→ **Assignment**: In the entries that follow, find the line containing "- Durable: Designed" and the line containing "Игра должна приносить", then copy exactly everything from the first through the second except the pictures.

....................

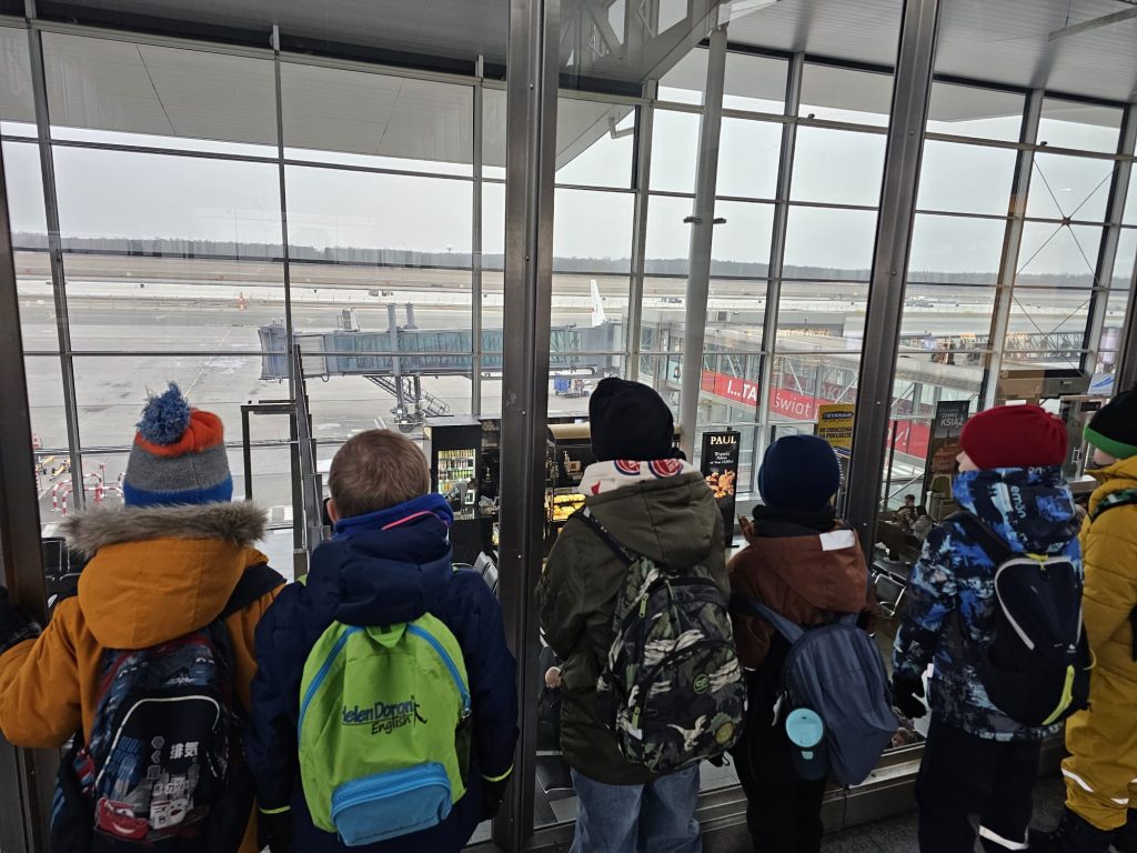 Pierwszy dzień ferii spędziliśmy bardzo aktywnie i ciekawie. Odwiedziliśmy lotnisko, gdzie dzieci dowiedziały się, jakich przedmiotów nie wolno przewozić w bagażu, poznały rolę Sokolnika oraz Marshallera, a także obserwowały odloty samolotów i proces sprawdzania bagażów.
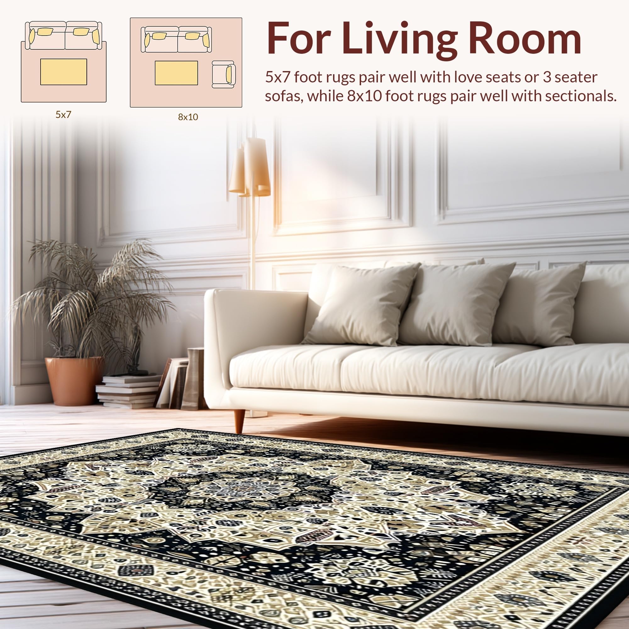 - Durable: Designed for the living room, your rug will be perfectly serviceable for long-term usage in any 'high-traffic' area. Enjoy the underfoot comfort without any shedding.
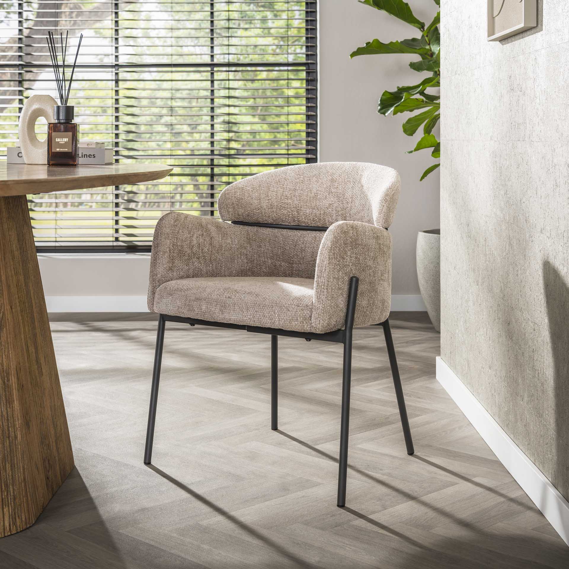 Silla de comedor Lola Bouclé de tela color arena con respaldo redondo y brazos
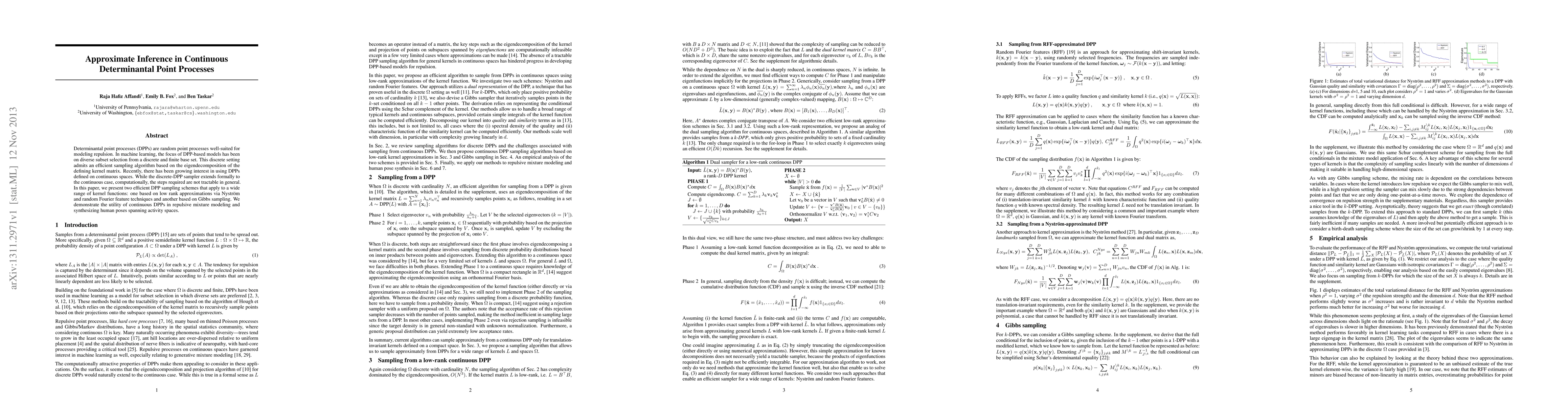 This paper introduces two efficient sampling methods for continuous determinantal point processes (DPPs), addressing the computational challenge of sampling in continuous spaces. The methods leverage low-rank approximations and Gibbs sampling, demonstrating their application in mixture modeling and human pose synthesis.
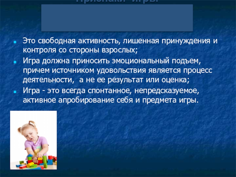 Игра должна приносить эмоциональный подъем, причем источником удовольствия является процесс деятельности, а не ее результат или оценка;
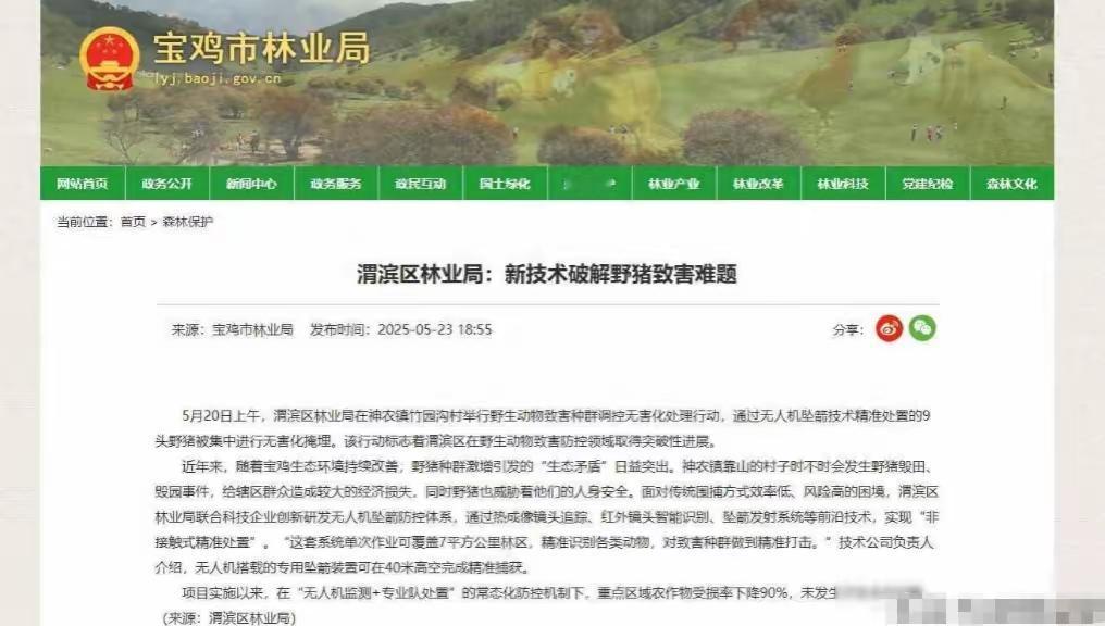 为民除害?陕西无人机挂箭打野猪,一晚射杀近20头,林业局回应 专家们想的是“保种群”,他们要维持生态平衡,坚持野猪在生态链中不可或缺,必须保留最低数量。 来源:字里行间见 在这个信息爆炸的时代,我们习惯了快节奏的生活,也逐渐忽略了人与自然之间微妙的平衡。近日,陕西一场令人震惊的“无人机挂箭猎杀野猪”事件引发了广泛关注:一夜之间,近20头野猪被射杀,这背后到底隐藏着怎样的生态智慧?有人说,这是“为民除害”的必要之举,但有人则提出,真正的生态保护应当是一种智慧的调控,而非单纯的杀戮。 专家们的观点值得深思——他们强调“保种群”,维护生态平衡,确保野猪在生态链中扮演不可或缺的角色。野猪作为草食动物之一,在自然界中扮演着“翻土工”和“种子传播者”的角色,它们的存在关系到森林的更新和土壤的肥沃。然而,当野猪数量超出合理范围,带来破坏和威胁时,我们又该如何应对?这正是一场关于“智慧管理”的考验。 试想一下,科技的力量正逐渐渗透到生态保护中。无人机、精准打击,既可以减少传统捕猎带来的粗放和不确定性,也能实现对野生动物的科学调控。它不是简单的“杀戮”,而是一种在保证人畜安全、维护生态平衡的同时,尊重自然规律的智慧行动。 更值得一提的是,这种行动背后,是对生态系统复杂性的深刻理解。我们不应一刀切,而应因地制宜,制定科学合理的管理措施。保护野生动物,既要尊重它们的生存权利,也要考虑到人类的切身利益。只有这样,生态的“平衡钟”才能走得更远。 这次事件也引发了公众对于“生态保护”的思考:我们是否过于追求“零风险”而忽视了生态的动态平衡?保护野生动物,不能只靠“禁猎”或“猎杀”,更应依靠科学、智慧和责任感。正如专家所说,野猪的存在是生态系统的一部分,我们要做的,是理性调控,而不是盲目“清除”。 未来的生态之路,应该是一场智慧与责任的较量。科技赋能,让我们更好地理解自然,也能更有效地保护自然。只有在尊重生态、科学管理的基础上,我们才能实现人与自然的和谐共生。让我们共同期待,科学与温情交融的生态未来,为我们的子孙后代留下一个真正“和谐共存”的家园。
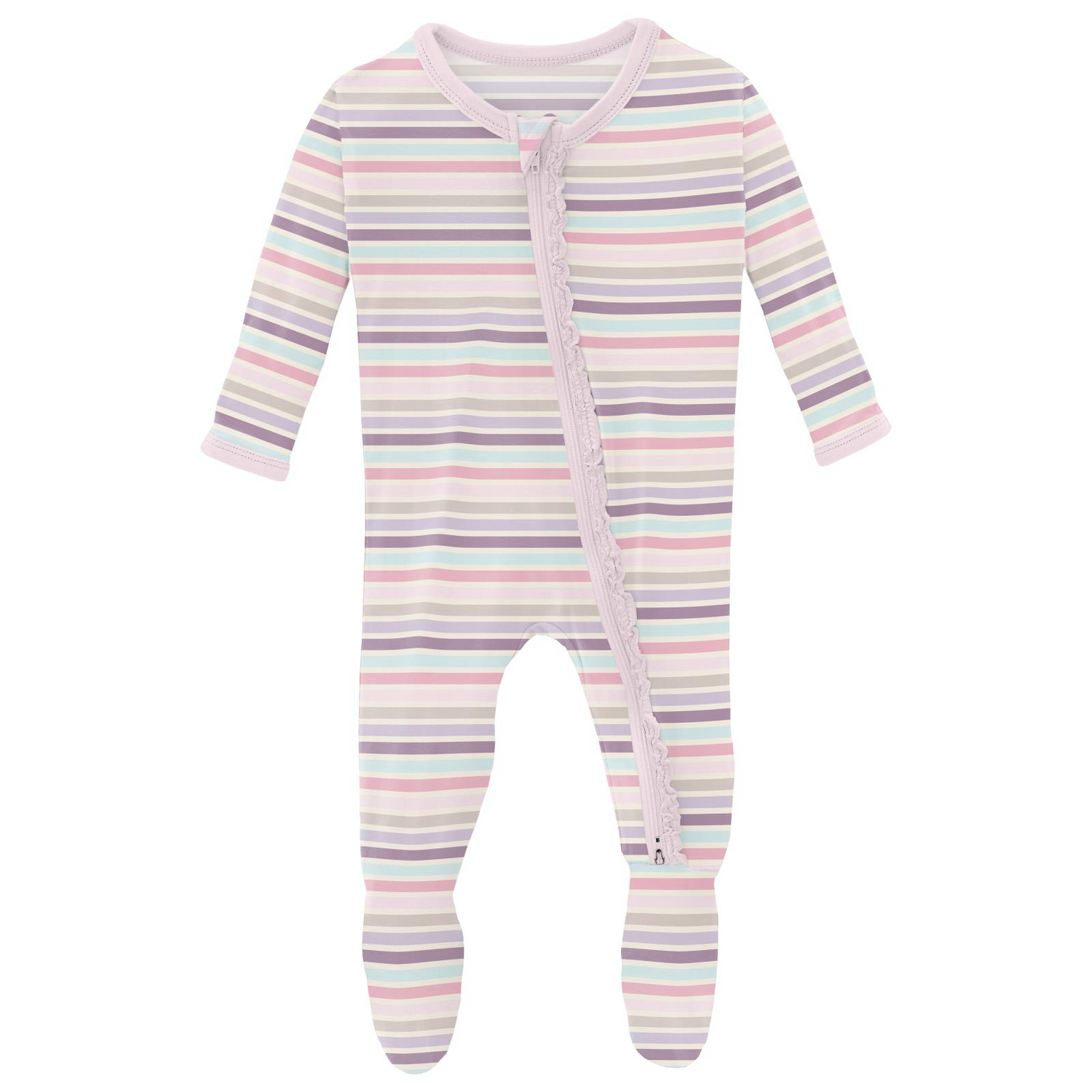 What's a better feeling than zipping your tiny peanut into an adorably snug sleeper? Getting to warm their little fingers and toes with flip paws and footies, that's what! They'll love this coverall for its comfort, and you'll love this coverall for its cuteness and its torso length zipper which makes changes a breeze. Flip into fun with KicKee!
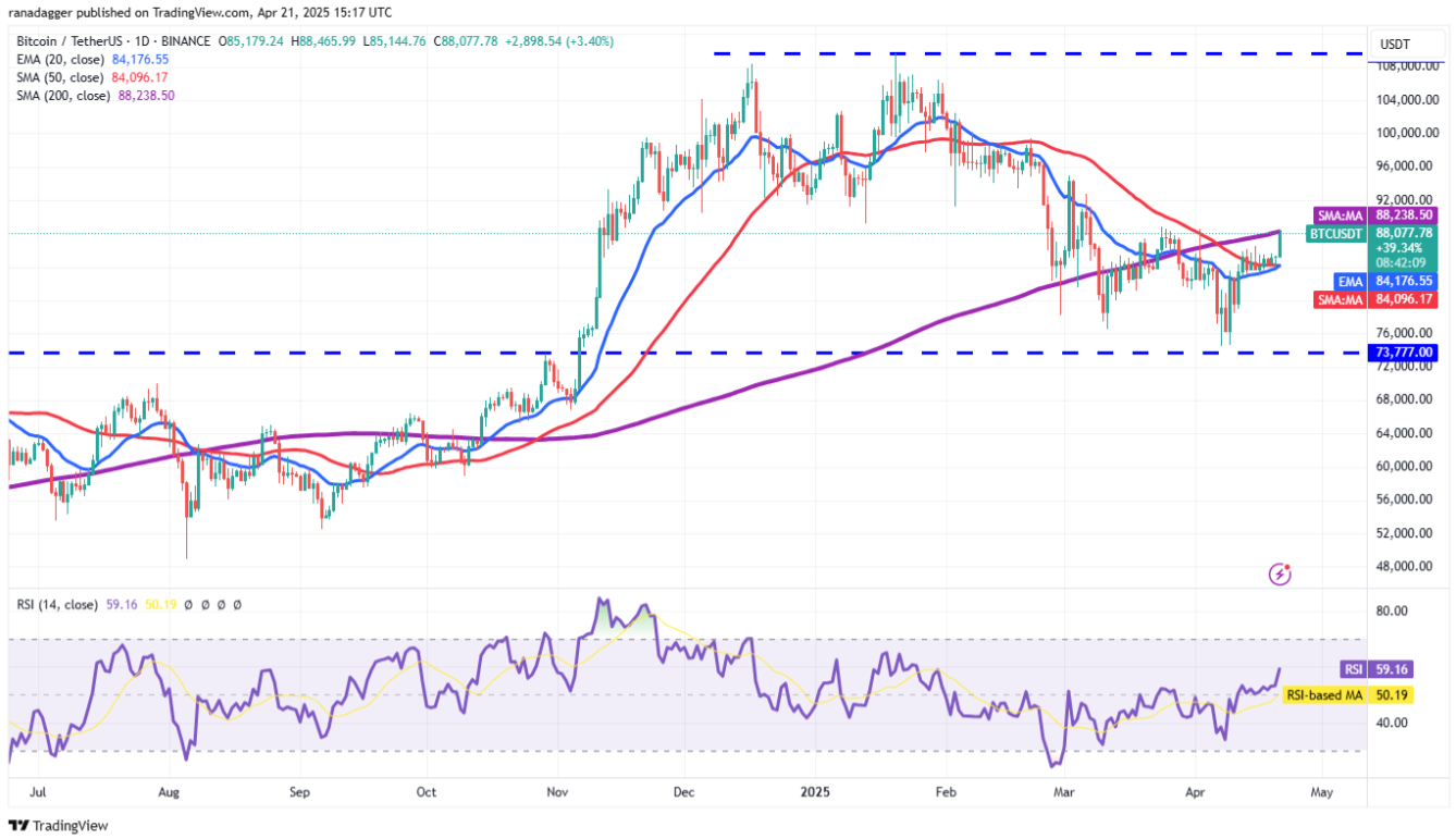 Các đường trung bình động đang chuẩn bị hoàn thành một bullish cross, và chỉ báo RSI đã quay trở lại vùng tích cực – những tín hiệu củng cố lợi thế cho phe bò. Nếu vượt qua đường SMA 200 ngày, điều đó cho thấy cặp BTC/USDT có thể đã tạo đáy ngắn hạn. Khi đó, giá có thể tăng vọt lên $95.000, và tiếp theo là mốc tâm lý quan trọng $100.000.

....................

→ **Response**:
 - Durable: Designed for the living room, your rug will be perfectly serviceable for long-term usage in any 'high-traffic' area. Enjoy the underfoot comfort without any shedding.
 Silla de comedor Lola Bouclé de tela color arena con respaldo redondo y brazos
 This paper introduces two efficient sampling methods for continuous determinantal point processes (DPPs), addressing the computational challenge of sampling in continuous spaces. The methods leverage low-rank approximations and Gibbs sampling, demonstrating their application in mixture modeling and human pose synthesis.
 Игра должна приносить эмоциональный подъем, причем источником удовольствия является процесс деятельности, а не ее результат или оценка;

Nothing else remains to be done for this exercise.